黑速腾车内挂着一个提线玩偶,还是老位置——后视镜下。
铁牛简直跟个向日葵一样 , 死死盯着黑速腾。它跟我们擦肩而过,又奔向墓场。
我本想把它拦下来,问题是司机是个生面孔,跟他不熟。
铁牛沉默少说十几秒钟,他又骂了句尼玛 , 随后说,“有、有、有问题!”
我心说他咋结巴上了?以前没这毛病啊,难道这次是真的太过于激动了?
但我只是简单的回了句,“你才知道?”
铁牛好一通分析:“黑速腾和出租车都挂着提线玩偶,说明这绝对是同一伙人!是有组织的。而且今早墓场里只有马三出殡 , 所以黑速腾是奔着马三来的。”
他严重怀疑上阿虎了 , 跟我说,“这伙人一定是阿虎的手下!”
我也这么想过。但很快把这想法pass了。
记得那天从殡仪馆回来后 , 我给阿虎去了电话,当得知警察找我麻烦时 , 他反应很大,不像装出来的。
这时铁牛又分析,“难道是二嘎?这些‘提线玩偶’是他朋友?二嘎对咱俩不怀好意?”
我心说你可拉倒吧 , 就二嘎那德行 , 见到阿虎就点头哈脑的,他有这魄力?
我俩暂时把提线玩偶的事放在一旁,也因为肚子实在咕咕叫了。
我俩坐摩托 , 来到一个羊汤店。
不是有那句话么?早晨喝羊汤,精神一整天!
我和铁牛吃饭时,都没咋说话,各自捧着手机玩着。
我没料到,突然间,阿虎发了个定位过来。
我潜意识一愣,反问:“这是哪?”
阿虎:“速来!”
我特意把定位导到高德地图里。好嘛,也是一处墓地,但跟马三葬礼不在一个地方。
我心说他啥意思?让我和铁牛再参加另一个人的葬礼么?
妈的,今天日子有这么特殊?净死人了呢!
但我多多少少了解点阿虎的脾气了。他是不二话的主儿。
既然如此,我把手机举着,让铁牛看了看。
我俩的羊汤都没喝完 , 又风风火火的好一通赶路。
较真的说,他给的最终定位不是啥正经地方。也亏得我俩有摩托。
最终摩托停在半山腰上 , 附近全是荒草地。
但隔远这么一看,我俩发现,山下方有人正在烧纸。还是个熟人——那个让我玩驼骨的富婆!
我当然知道,这不是偶然。而且她给谁烧纸呢?还哭的那么稀里哗啦的。
铁牛发现我一直皱眉头,他不认识这个富婆 , 所以他好奇说,“根子,你咋了?”
我简要说了几句。
铁牛说 , “不是吧?”他又特意往远处看了看 , 接话说 , “她这形象能是富婆?头发乱蓬蓬,衣衫不整,倒像饭店洗碗的老妈子!”

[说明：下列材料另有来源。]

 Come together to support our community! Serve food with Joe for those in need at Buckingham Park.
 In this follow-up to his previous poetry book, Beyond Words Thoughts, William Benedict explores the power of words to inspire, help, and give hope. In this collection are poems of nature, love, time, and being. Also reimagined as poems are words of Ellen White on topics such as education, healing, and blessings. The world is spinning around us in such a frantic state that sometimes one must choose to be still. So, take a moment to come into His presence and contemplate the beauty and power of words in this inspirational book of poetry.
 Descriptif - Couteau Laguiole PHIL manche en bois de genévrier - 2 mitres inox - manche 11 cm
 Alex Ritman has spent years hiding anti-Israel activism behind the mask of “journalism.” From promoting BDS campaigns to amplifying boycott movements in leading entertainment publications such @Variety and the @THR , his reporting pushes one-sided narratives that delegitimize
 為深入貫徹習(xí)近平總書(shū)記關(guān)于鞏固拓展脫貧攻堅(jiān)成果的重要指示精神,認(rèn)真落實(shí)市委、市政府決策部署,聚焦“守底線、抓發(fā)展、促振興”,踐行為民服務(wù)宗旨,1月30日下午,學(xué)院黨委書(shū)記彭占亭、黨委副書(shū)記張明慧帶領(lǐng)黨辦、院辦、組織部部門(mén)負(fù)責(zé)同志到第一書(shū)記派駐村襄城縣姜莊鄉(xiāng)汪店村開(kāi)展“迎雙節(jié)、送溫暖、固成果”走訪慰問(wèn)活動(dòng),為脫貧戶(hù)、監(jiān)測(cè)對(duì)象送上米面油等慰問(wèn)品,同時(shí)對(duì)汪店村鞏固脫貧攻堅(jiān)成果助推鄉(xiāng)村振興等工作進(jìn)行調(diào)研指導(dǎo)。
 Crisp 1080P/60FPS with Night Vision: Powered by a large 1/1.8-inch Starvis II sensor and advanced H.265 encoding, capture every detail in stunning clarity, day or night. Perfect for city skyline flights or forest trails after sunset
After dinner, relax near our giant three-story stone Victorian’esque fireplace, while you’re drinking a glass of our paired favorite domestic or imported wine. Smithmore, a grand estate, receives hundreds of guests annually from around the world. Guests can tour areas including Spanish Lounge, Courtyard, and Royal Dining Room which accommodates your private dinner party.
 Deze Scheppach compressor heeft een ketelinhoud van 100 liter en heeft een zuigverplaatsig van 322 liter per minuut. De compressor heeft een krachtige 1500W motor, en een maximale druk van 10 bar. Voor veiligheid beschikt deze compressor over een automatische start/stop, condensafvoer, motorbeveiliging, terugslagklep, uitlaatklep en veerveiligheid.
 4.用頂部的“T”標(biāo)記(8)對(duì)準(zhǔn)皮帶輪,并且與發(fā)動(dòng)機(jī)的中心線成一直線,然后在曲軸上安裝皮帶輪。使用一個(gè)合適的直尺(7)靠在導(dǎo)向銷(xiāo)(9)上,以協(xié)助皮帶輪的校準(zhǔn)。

我提醒 , “伤心了呗,所以没给自己好好倒腾倒腾。”
我俩又这么观察一会。铁牛纳闷,“小虎子让咱俩过来到底干啥?他又不在这!”
我知道 , 小虎子是他给阿虎起的外号。听起来挺萌 , 但这个小虎子,是牙尖嘴利能吃人的主儿!
我本想再发微信问问,但无意间往旁边荒草丛一看 , 有意外发现。
我咦了一声。
这是一个白色硬卡片。把它捡起来后,我发现一面写着字,一面画了画。
写的是一问一答:佛祖杀人么?杀!还乐此不彼!
至于那画,很丑!貌似是一个笑着的恶魔头像。
我大有深意的摆弄着硬卡片。
铁牛很不解,问我干啥呢?
我指着上面的笔迹,提醒:“还没干透,刚刚画的!”
铁牛反应过来,“阿虎留下的?”
他接过来,把正反两面都看了看。
他说,“瞎几把扯蛋!佛祖哪有杀人的?”
我有所联系,脸色一沉回答,“地藏菩萨!我不入地狱,谁入地狱!”
铁牛诧异的眨了眨眼。他又指着那画,强调说 , “既然如此,这画的是地藏王菩萨了?”
我承认,自己猜不出啥了。这字和画,太深奥了!
没多久 , 富婆走了,开着她的马萨拉蒂,绝尘而去。
铁牛说,“咱俩也走吧!这都吹了半个多钟头的东南西北风了!”
我说不急。
我很想知道,富婆给谁烧了纸。所以我跟铁牛又来了把“迂回”,来到富婆刚刚所在的地方。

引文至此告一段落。